:: Recorded data

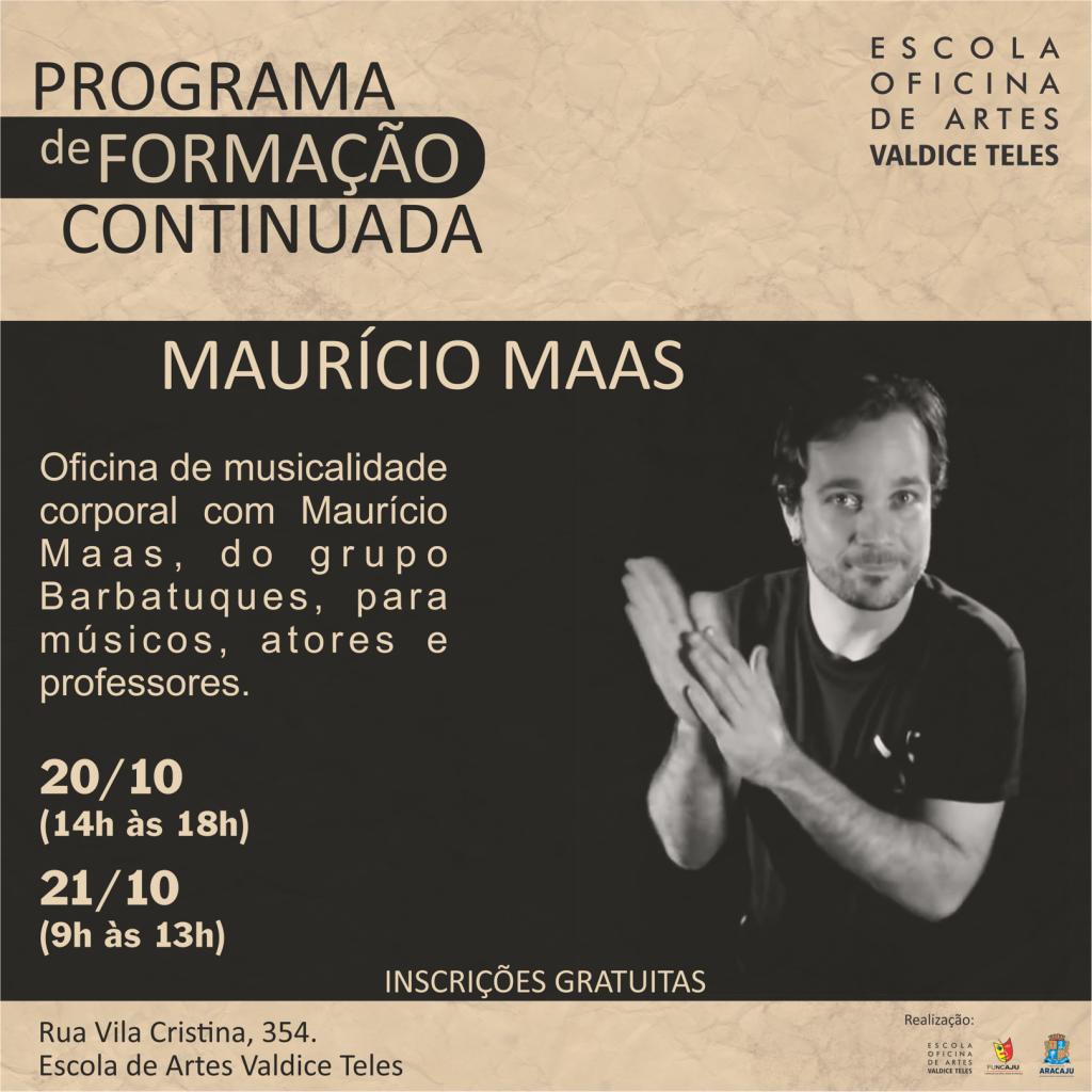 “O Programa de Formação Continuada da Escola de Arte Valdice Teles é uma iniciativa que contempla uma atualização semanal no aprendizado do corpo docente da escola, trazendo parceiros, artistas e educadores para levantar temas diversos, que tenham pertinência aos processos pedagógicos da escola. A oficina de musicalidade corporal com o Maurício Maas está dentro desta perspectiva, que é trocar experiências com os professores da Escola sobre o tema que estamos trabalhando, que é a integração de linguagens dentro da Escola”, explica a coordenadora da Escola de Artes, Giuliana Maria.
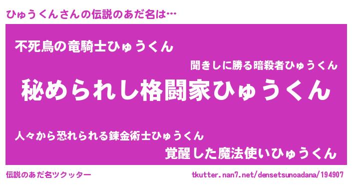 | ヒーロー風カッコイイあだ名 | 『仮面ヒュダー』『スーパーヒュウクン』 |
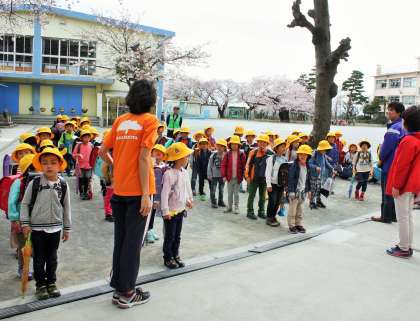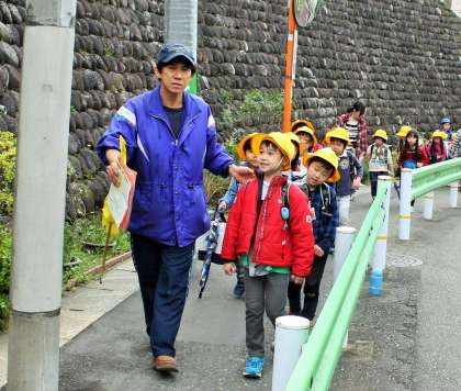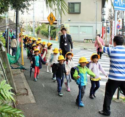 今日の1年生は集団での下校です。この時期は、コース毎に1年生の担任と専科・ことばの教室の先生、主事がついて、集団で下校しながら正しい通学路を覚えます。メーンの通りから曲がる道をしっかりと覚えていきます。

::::

Assignment: Every line from the one containing "ヒーロー風カッコイイあだ名 | 『仮面ヒュダー』『スーパーヒュウクン』 |" through the last line of the data is to be retyped exactly, with nothing added and no pictures included.

Your solution:
 | ヒーロー風カッコイイあだ名 | 『仮面ヒュダー』『スーパーヒュウクン』 |
 今日の1年生は集団での下校です。この時期は、コース毎に1年生の担任と専科・ことばの教室の先生、主事がついて、集団で下校しながら正しい通学路を覚えます。メーンの通りから曲がる道をしっかりと覚えていきます。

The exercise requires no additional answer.